- Born: 19 June 1869 Atlanta, Georgia, U.S.
- Died: 27 February 1938 (aged 68)
- Occupation(s): Landscape architect, urban planner
- Known for: Master plans for Beverly Hills, California and Highland Park, Dallas, Texas

= Wilbur David Cook =

American landscape architect

Wilbur David Cook (June 19, 1869 – February 27, 1938), or Wilbur D. Cook Jr., was an American landscape architect and urban planner from Atlanta. He designed the master plans for the city of Beverly Hills, California, and the city of Highland Park in Dallas, Texas.

==Career==

===Overview===
According to a report by the Environmental Planning Branch of Caltrans,

Cook was the first trained landscape architect/city planner to work in the Los Angeles area. Cook had worked for the Olmsted Brothers, and participated with the Olmsteds and Daniel Burnham in the plan for San Francisco. Just prior to his move to Southern California he had worked with Charles Mulford Robinson on the park plan for the City of Oakland
Cook's master plan for Beverly Hills was a radical departure from the monotonous grid patterns of [Henry] Huntington's and other developments on the one hand, and the somewhat exotic plans such as those for Naples and Venice [California] on the other. His plan was firmly based on the concepts of the City Beautiful Movement.

===Projects===
With the Olmstead firm, Cook had worked on Palos Verdes Estates, and the Panama–California Exposition in Balboa Park, San Diego, California.

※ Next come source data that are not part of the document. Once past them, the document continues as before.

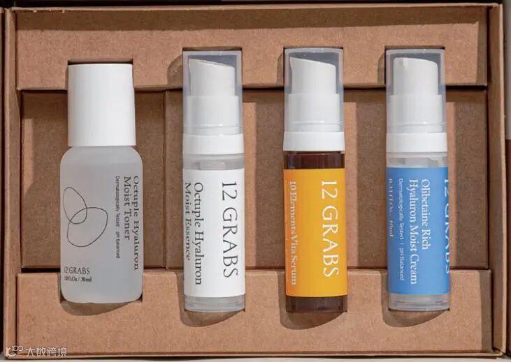 ◆一套包含12GRABS的爽肤水、精华液、面霜和精华液
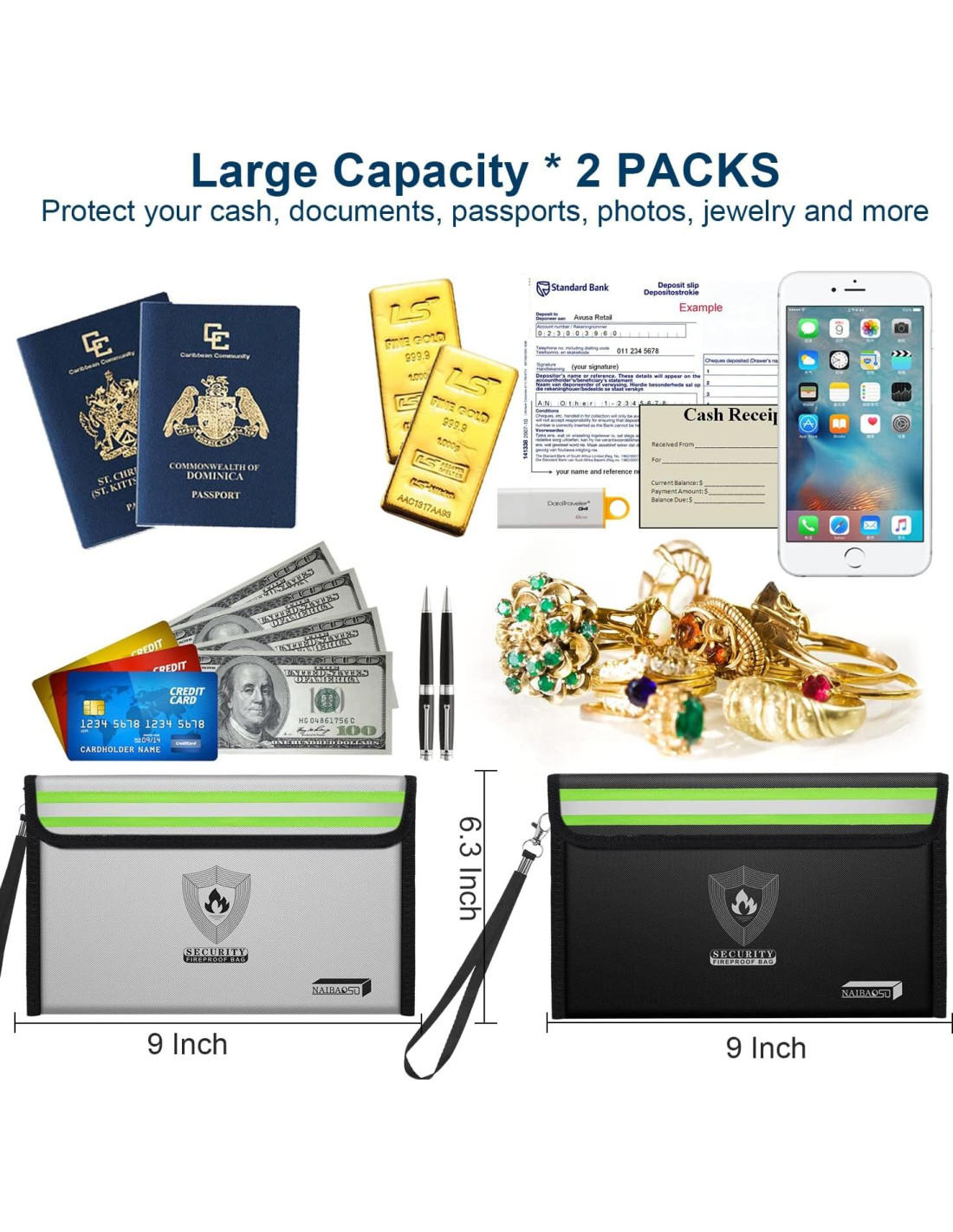 - Tamaño Estándar - 2 Bolsas: Estas dos bolsas a prueba de fuego miden 8.6*6.3 pulgadas (22*16cm). Te permite almacenar y organizar mejor tus muchos objetos de valor de pequeño tamaño. Puede ser especialmente utilizada para almacenar tu efectivo, pasaporte, tarjetas, certificados, joyas, llaves, fotos y otros artículos.
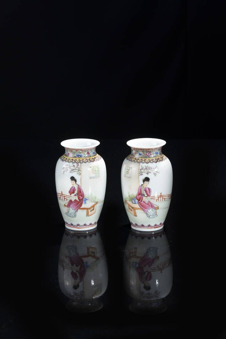 Coppia di vasetti in porcellana Famiglia Rosa dipinti con figure femminili in giardino Cina Repubblica XX sec H cm 12x7
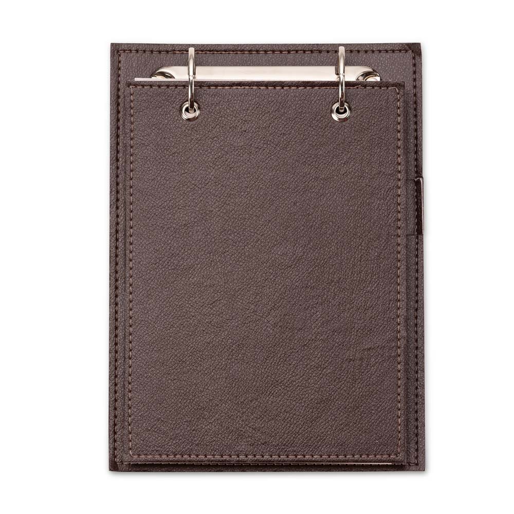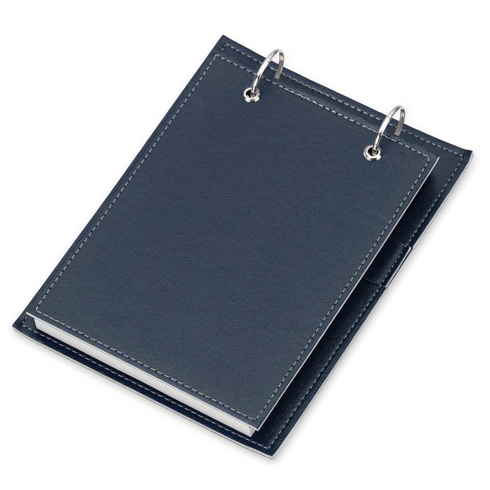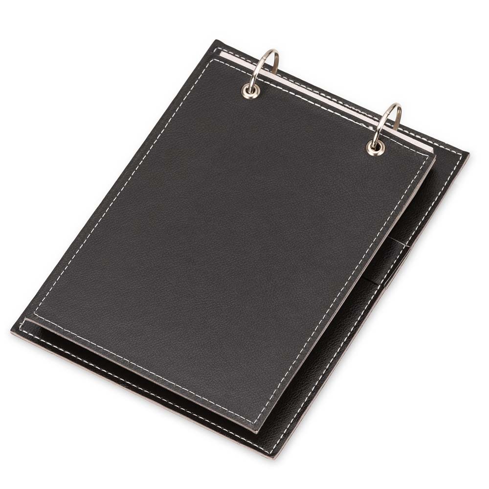 Bloco de anotações de mesa com trilho de ferro, capa em couro sintético. Possui suporte na lateral interna para colocar caneta (não acompanha) e aproximadamente 96 folhas recicladas com área destacável.
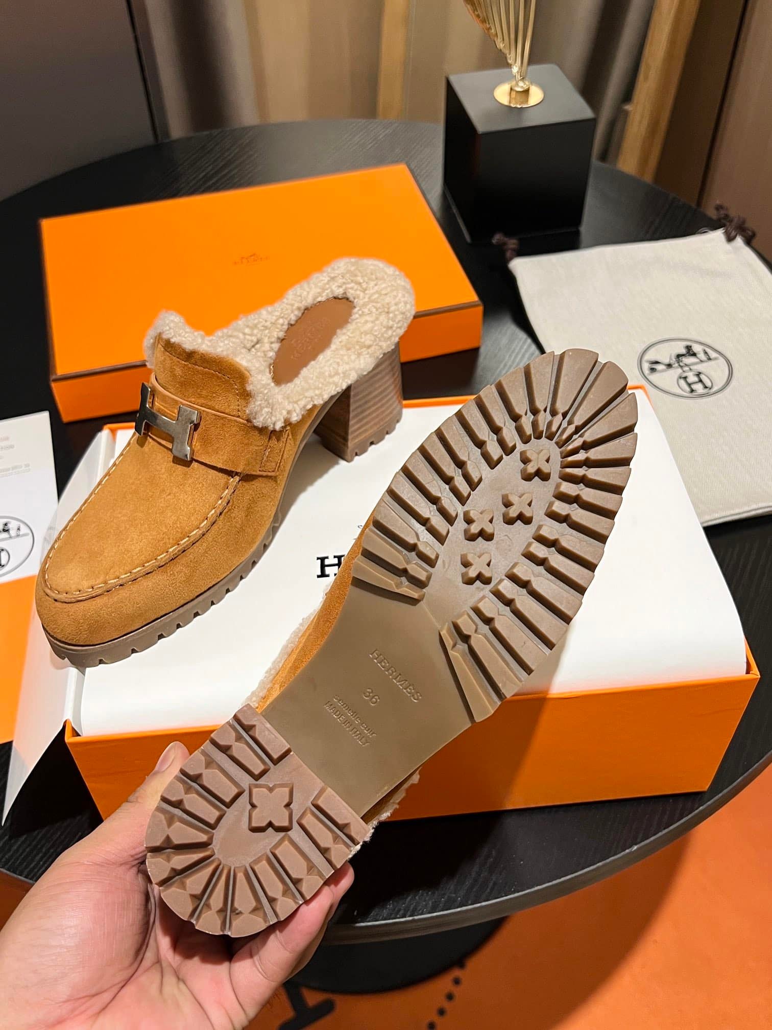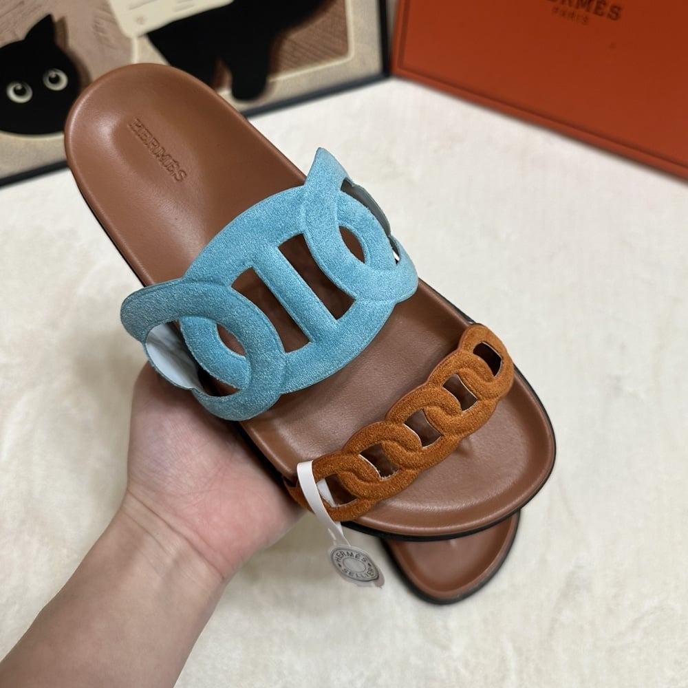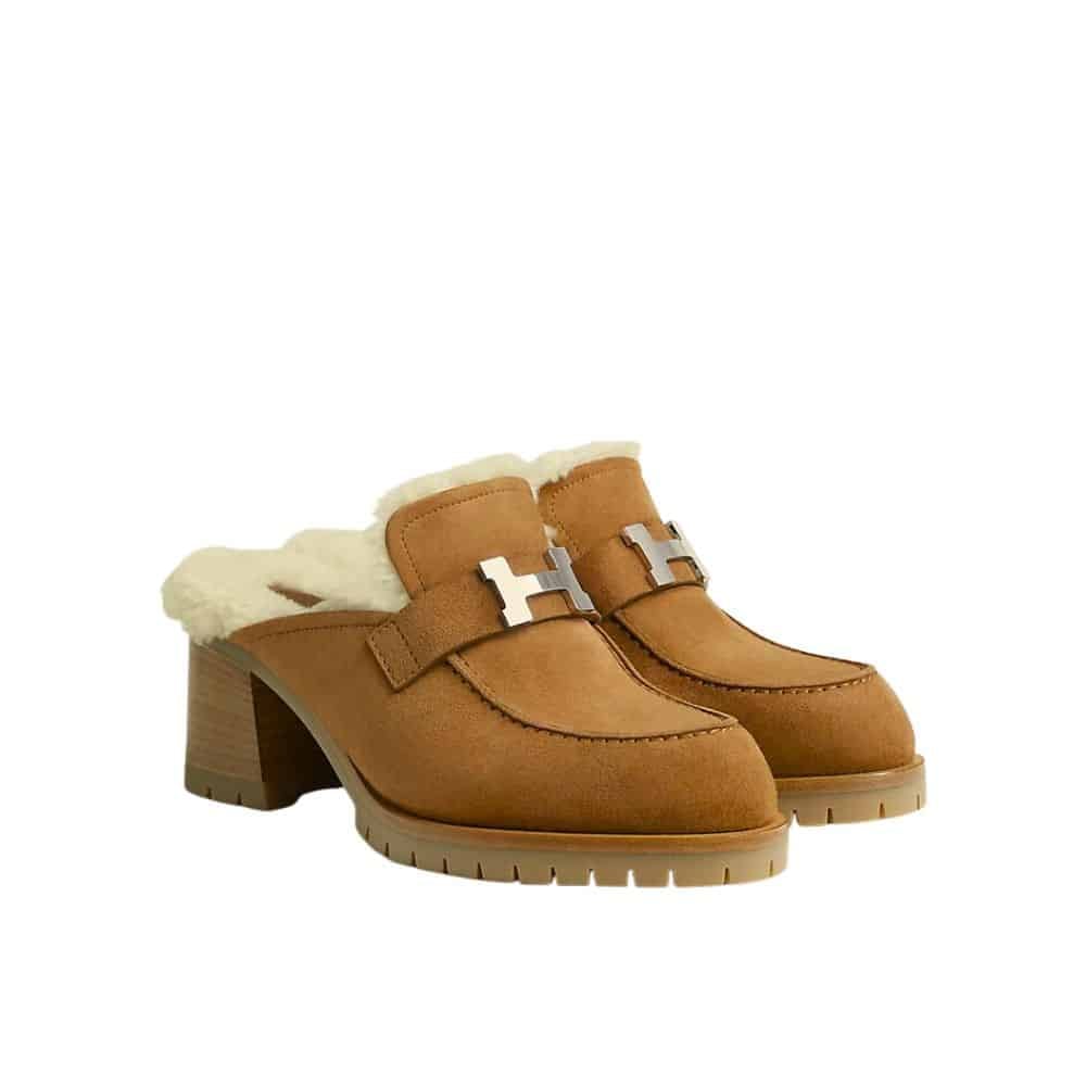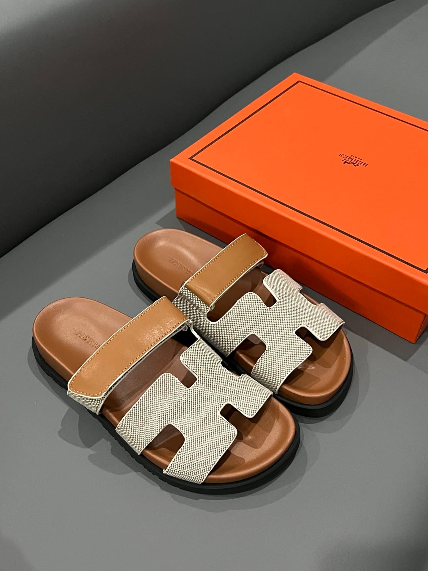 Hermes Chypre Sandal Suede H Logo Silver Hardware Light Brown

His other work included Exposition Park in Los Angeles, and other city parks in Monrovia, Anaheim, and Fullerton, California.

Cook also designed the original grounds of the Beverly Hills Hotel, with Elmer Grey as the architect.

With George Duffield Hall (1877–1961), Cook formed the firm Cook & Hall, Landscape Architects and City Planners. When Ralph D. Cornell (1890–1972) joined it became Cook, Hall & Cornell (1924–1933).